In this notebook we will continue to explore the Divvy bikes dataset using, cuDF, cuGraph, and cuSpatial to see how these analysis results can easily feed directly into visualization tools like hvplot and Datashader.

### cuDF, cuGraph, cuSpatial, hvplot, and Datashader
- [cuDF](https://docs.rapids.ai/api/cudf/stable/), is a GPU DataFrame library for manipulating data with a pandas-like API.

- [cuGraph](https://docs.rapids.ai/api/cugraph/stable/) is a RAPIDS library for GPU accelerated graph library with functionality like NetworkX.

- [cuSpatial](https://docs.rapids.ai/api/cuspatial/stable/) is a collection of GPU accelerated algorithms for computing geo-spatial measures.

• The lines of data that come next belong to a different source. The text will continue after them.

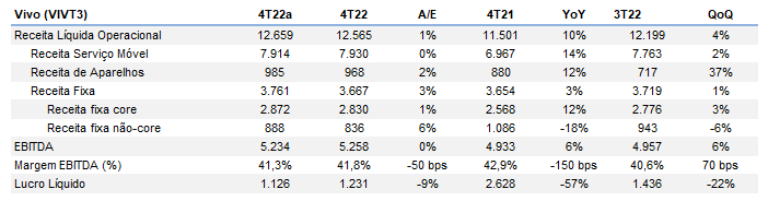 A Vivo reportou resultados neutros e em linha com nossas estimativas no 4T22. A empresa reportou um sólido crescimento de receita (+10% A/A), com receitas de FTTH e serviços móveis crescendo +19% e +14%, respectivamente. No entanto, a margem EBITDA caiu -1,5pp A/A, devido a despesas operacionais acima do esperado. Por fim, a Vivo reportou lucro líquido de R$ 1,1 bilhão, -57% inferior ao ano anterior e -9% inferior ao nosso, devido às maiores despesas financeiras no trimestre. Além disso, a Vivo anunciou: (i) que protocolou pedido de anuência prévia à Anatel para permitir a redução de capital no valor de até R$ 5 bilhões; (ii) R$ 5,7 bilhões de remuneração ao acionista em 2022 (Dividend Yield de 8,9%) + R$ 932 milhões de dividendos/JCP anunciados hoje; e (iii) guidance de CAPEX para 2023 de até R$ 9,0 bilhões. Com isso, mantemos nossa recomendação Neutra e preço-alvo de R$49,0/ação para o fim de 2022.
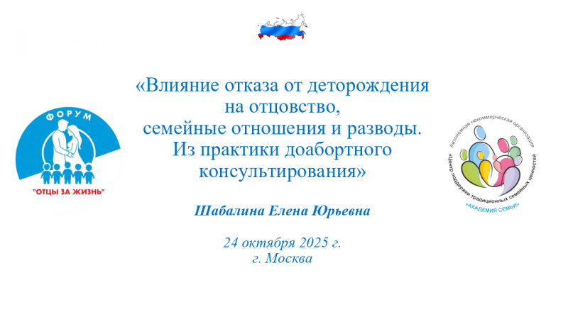Тема моего выступления: "Влияние отказа от деторождения на отцовство, семейные отношения и разводы. Практика доабортного консультирования».
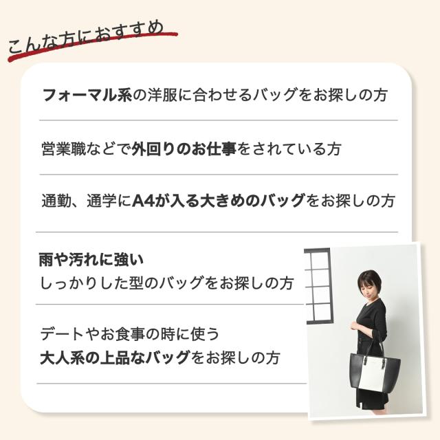 ・フォーマル系の洋服に合わせるバッグをお探しの方 ・営業職などで外回りのお仕事をされている方 ・通勤、通学にA4が入る大きめのバッグをお探しの方 ・雨や汚れに強いしっかりした型のバッグをお探しの方 ・デートやお食事の時に使う大人系の上品なバッグをお探しの方 |
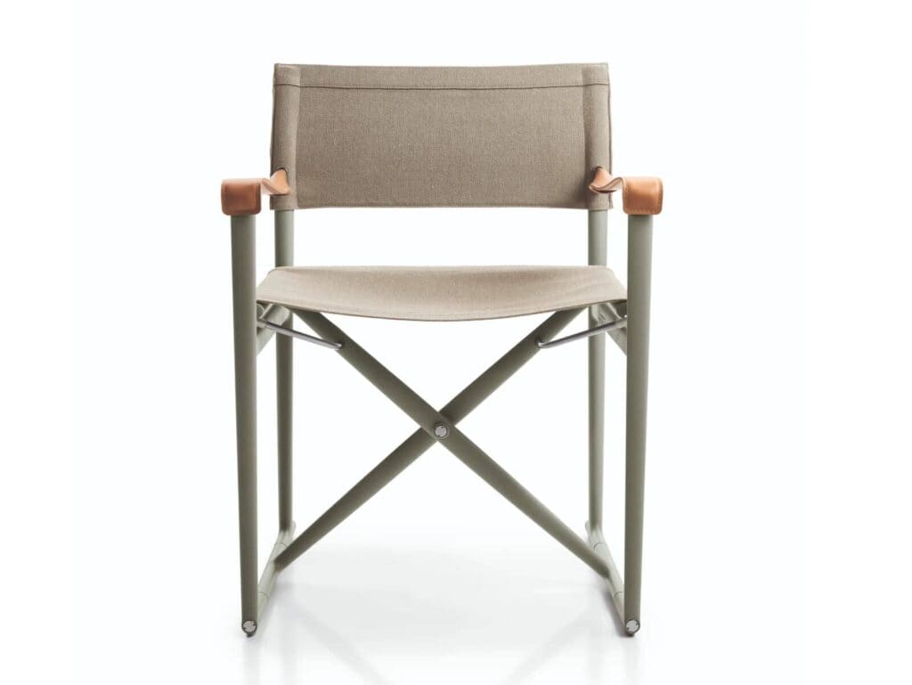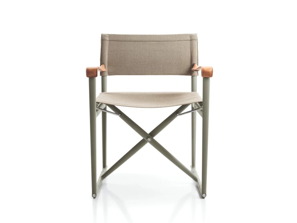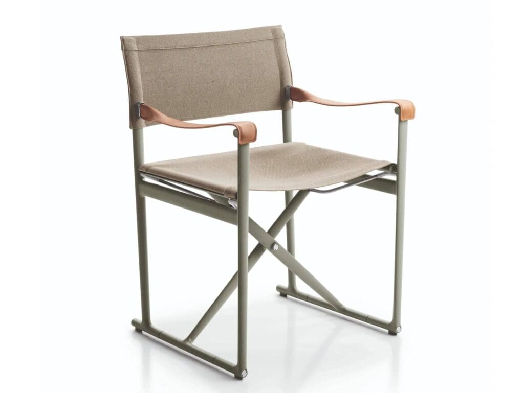 Ein klappbarer Regiestuhl, jetzt aus ecrufarbenem Segeltuch mit Armlehnen aus dickem Naturleder und einem Gestell aus Aluminiumdruckguss in den neuen Farben Ton und Salbei
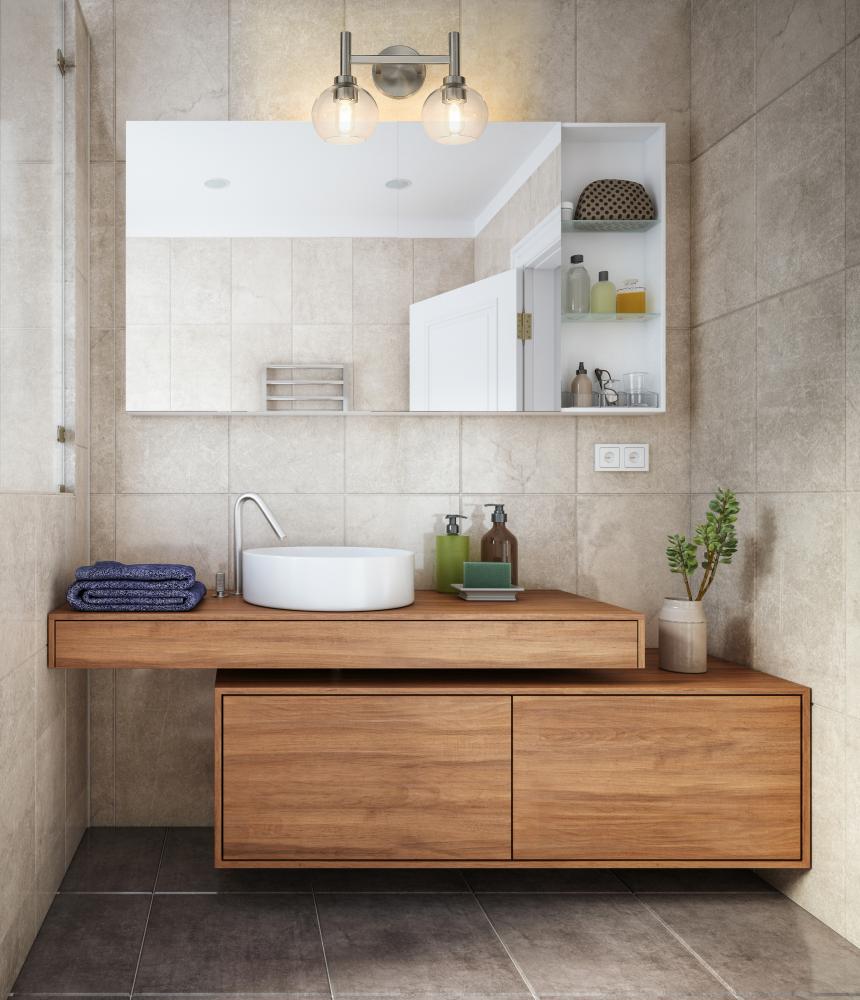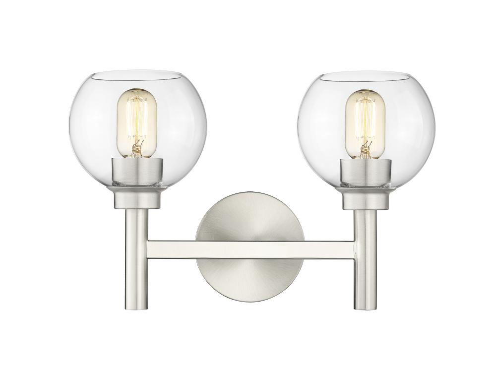 A contemporary two-light vanity sconce boasts graceful curves that create its perfect circle design elements. Its familiar, torch-inspired silhouette is adorned with a brushed nickel finish for gleaming flair in an entry or bathroom. A pair of open-edged, clear glass globe shades adds precision, and this fixture can be mounted with lights either up or down to best suit your space and preference.
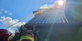 Kiedy pierwsze zastępy straży pożarnej dotarły na miejsce, zastały rozwinięty pożar poddasza. Ogień wychodził na zewnątrz budynku. Strażacy błyskawicznie przystąpili do akcji gaśniczej. Trwa walka z ogniem.

- [hvplot](https://hvplot.holoviz.org/) is a high-level plotting API for the PyData ecosystem built on [HoloViews](http://holoviews.org/).

- [Datashader](https://datashader.org/) is a library for high fidelity server side data rendering.

## Imports

In addition to the libraries mentioned above, we will also make use of libraries [cupy](https://docs.cupy.dev/en/stable/), [NumPy](https://numpy.org/), and [Pandas](https://pandas.pydata.org/) directly.

In [None]:
import cudf
import cugraph
import cupy
import cuspatial

import numpy as np
import pandas as pd

import datashader as ds
import datashader.transfer_functions as tf

import hvplot.cudf
import hvplot.pandas

from pathlib import Path

## Loading Data into cuDF

First let's load the data. In addition to the main Divvy `data.csv` file, we will also load the small `stations.csv` file that we prepared in the first notebook. 

In [None]:
DATA_DIR = Path("../data")

In [None]:
# Note: remember to reparse into datetimes
df = cudf.read_csv(DATA_DIR / "data.csv", parse_dates=('starttime', 'stoptime'))

In [None]:
stations = pd.read_csv(DATA_DIR / "stations.csv")

We will want to continue our investigation into weekday vs weekend patterns, so let's first add a column for that:

In [None]:
df["weekday"] = df['starttime'].dt.weekday

## Trying Analysis with CuSpatial 

Let's take a look at some spatial measures and see if there are any interesting features.

We might start with the first station, and see what the max trip length from it is:

In [None]:
r0 = df.iloc[0]
station_id, origin_lon, origin_lat = r0["from_station_id"], r0["longitude_start"], r0["latitude_start"]

The cuSpatial function `lonlat_to_cartesian` will let us quickly compute the x/y distances for every ending trip location (in Kilometers):

In [None]:
sub_df = df[df["from_station_id"]==station_id[0]]
dist = cuspatial.lonlat_to_cartesian(origin_lon[0], origin_lat[0], sub_df["longitude_end"], sub_df["latitude_end"])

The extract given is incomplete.